Cultura

Es un buen tipo mi viejo

por José Santos

Martín de regreso a Morando Investement deja su maletín en su oficina. Luego pasa por el despacho de su padre, y acuerdan encontrarse en el Restaurant Hugg Peres. También lo cita a Pablo McCarthy, su compañero de área con quien desarrollaron juntos el mercado de futuros en Morando. Se conocen desde la universidad. Incluso se casaron en la misma época y comparten fiestas y aniversarios. Son tan parecidos que algunos incluso los suponen hermanos. Durante un descanso, los tres bajan al restó boutique Hugg Peres.

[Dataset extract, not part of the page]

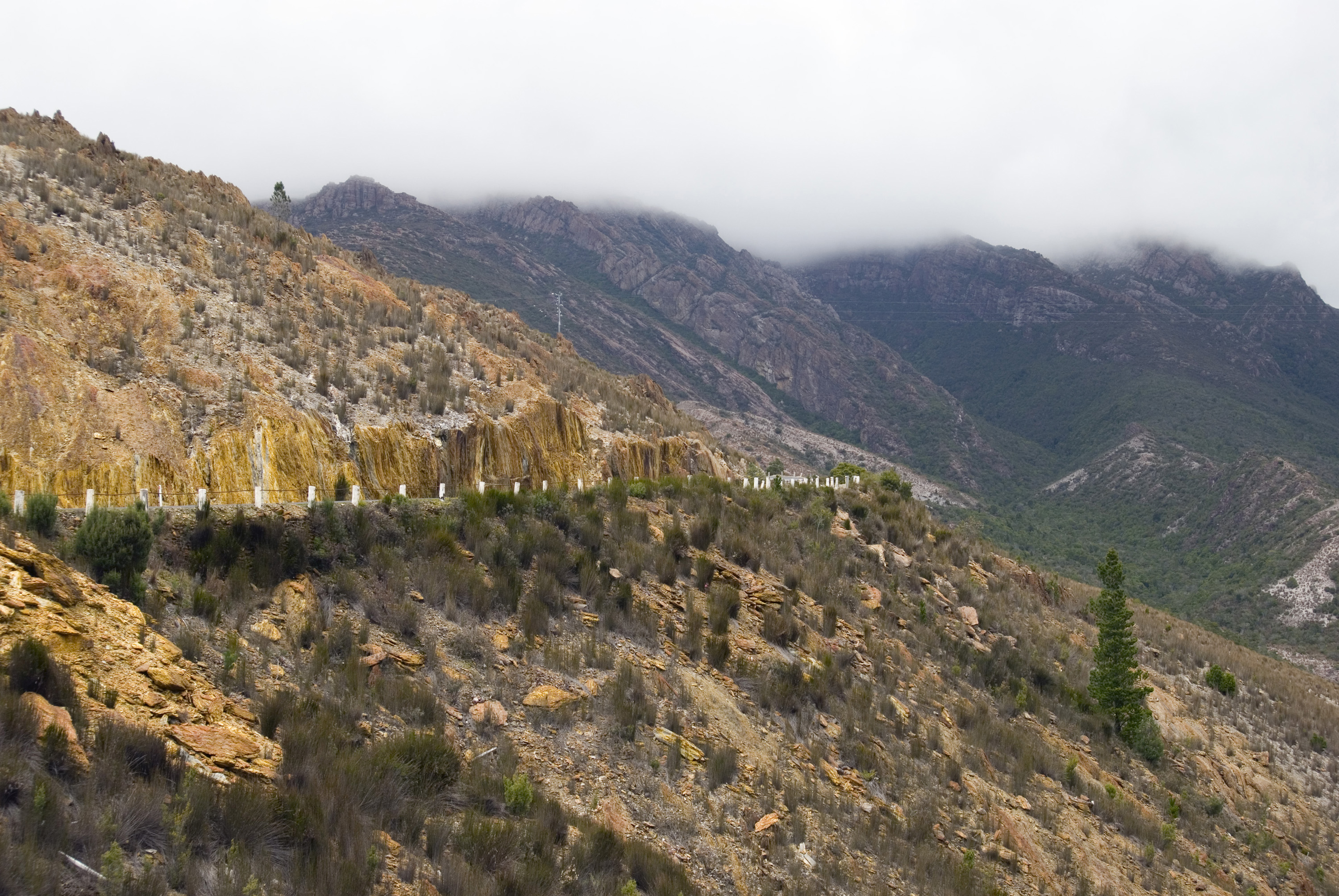 Keywords: landscape, road, mining, industry, excavation, terrain, australia, hills, tasmania, rehabilitation, manmade, spoil, heaps, reclaimed, mine workings

El edificio donde están las oficinas de Morando Investement está sobre Olavarría, en el centro comercial de Güemes, a unos quinientos metros del mar. En su vereda dos árboles, un plátano y un liquidámbar. Cuenta con cuatro plantas.

Martín al ingresar a Hugg Peres, pide un doble shot de expresso en un ristretto, y un sacramento con dulce de membrillo. Pablo pide un Aspergio. Una variedad de café que no hay. Pero sabe que es un código. Lo que pide y busca es cocaína. Cocaína que le permita mejorar sus rendimientos. Tomar decisiones efectivas y rápidas, día tras día, para que Burt Thomas no lo despida. Pero el resultado es inverso. Cada vez está más confuso, más irritado, menos lucido. Martín y Lorenzo eligen la esquina más distante, en uno de los sillones que dan a la calle. Martín ve sobre la vereda de enfrente un Nissan azul con los vidrios polarizados. Parece estar sin ocupantes.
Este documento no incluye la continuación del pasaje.